林凡輕點頭:“是的,在監獄里面煙是硬通貨,相當于黃金的存在,因為物價太貴了,監獄里買煙,往往是外面的好幾倍價錢,里面犯人,大多數都買不起煙的。”
“在里面也有賭博,不過賭的不是錢,而是煙。”
“這叫炮王的,在監獄里,逢賭必贏,沒人是他的對手。”
徐夢兒這時候說著:“這逢賭必贏。沒人是他的對手,那應該沒人跟他賭才對,怎么香煙他是最多。”
“你聽我說完。”林凡笑了一下,隨即又開口說:“因為跟他賭,無論骰子,撲克牌都是輸得,也導致沒人敢跟他賭了。”
“他不賭了,不過雖然不賭,但是卻成了貸煙老大,跟外面貸款意思一樣,比如十根還款五分鐘之類,超過五分鐘還三根。”
“監獄里面是三教九流,什么人,而且進去的多數是那些游手好閑,愛賭錢,偷搶,吸毒這些人,所以啊,賭的人不少,而且十賭九輸,那個都欠了他煙,這不導致,煙是最多的一個。”

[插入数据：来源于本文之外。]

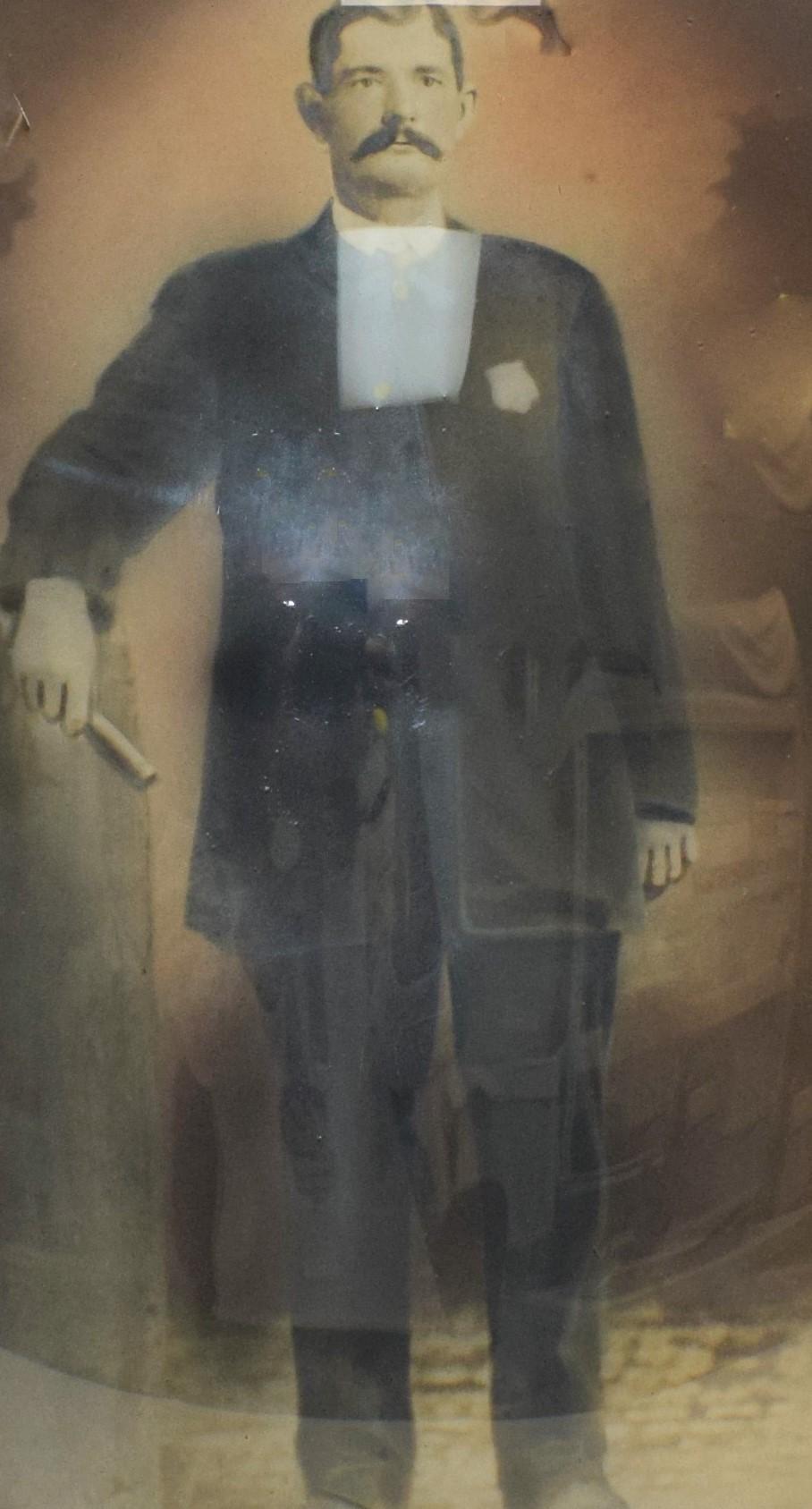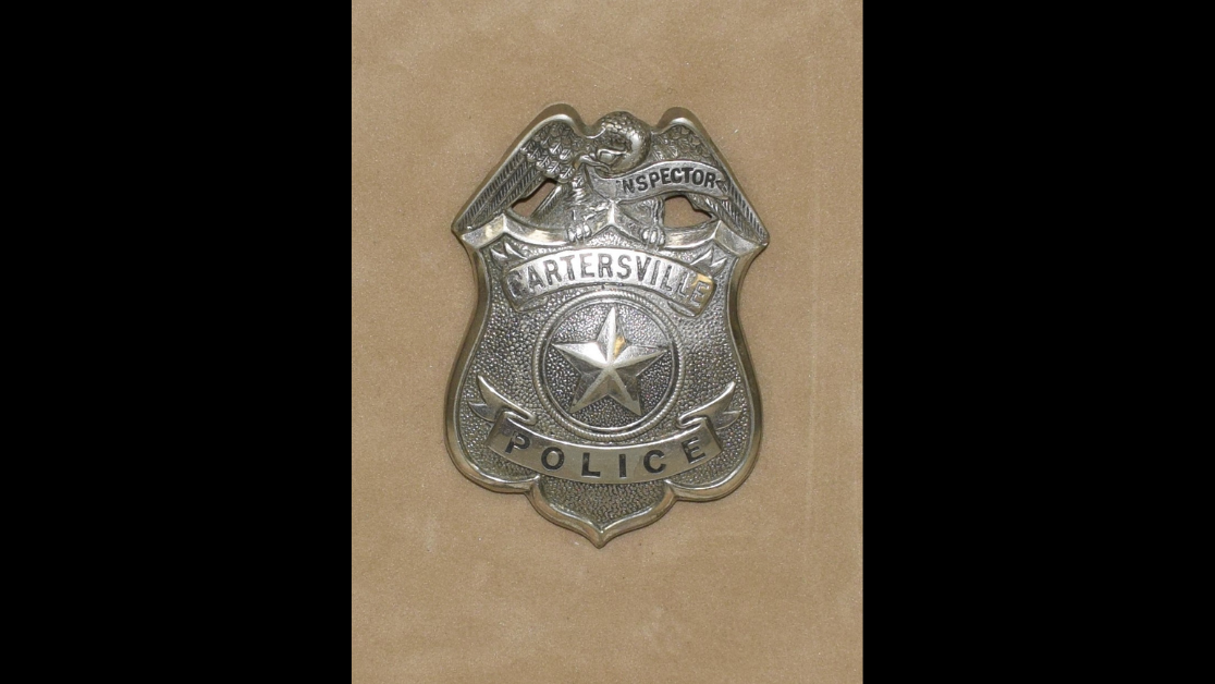 This badge was worn by Cartersville Police Inspector John Albert Spence. His portrait shows him in uniform wearing the badge. He died in 1929, and his obituary in the Tribune News stated, “He was the possessor of the happy faculty of making staunch friends of all with whom he came in contact, and he enjoyed the esteem of every citizen of the community.”

徐夢兒明白了捂嘴笑著:“我去,這真是奇人啊,還再監獄做成生意了。”
林凡笑著點頭,然后又開口說:“你知道,他為什么叫做炮王么?”
徐夢兒想一下,突然臉色紅起來,呸一聲說:“呸,禽獸。”
林凡:“你思想真污,我說的炮王,不是那個成炮王,而是說話太過大炮的意思。”
徐夢兒一聽,知道是自己想多了,但是不想承認,嘴撅著說:“沒有,我沒想多,是你聽錯了,一定是你聽錯了。”
女人啊,都是口是心非的,說的真沒錯。
林凡無奈搖搖頭,沒有說什么。
徐夢兒這時候又問:“他吹什么牛逼,怎么給他起這樣的稱呼?”
林凡:“你聽說過葉漢么?”
“有點熟悉。”徐夢兒皺著眉頭思索著,突然想起什么,睜大眼睛看著林凡:“你說的難不成是那個在賭世界的神話,有著賭圣,賭神的,賭神葉漢?”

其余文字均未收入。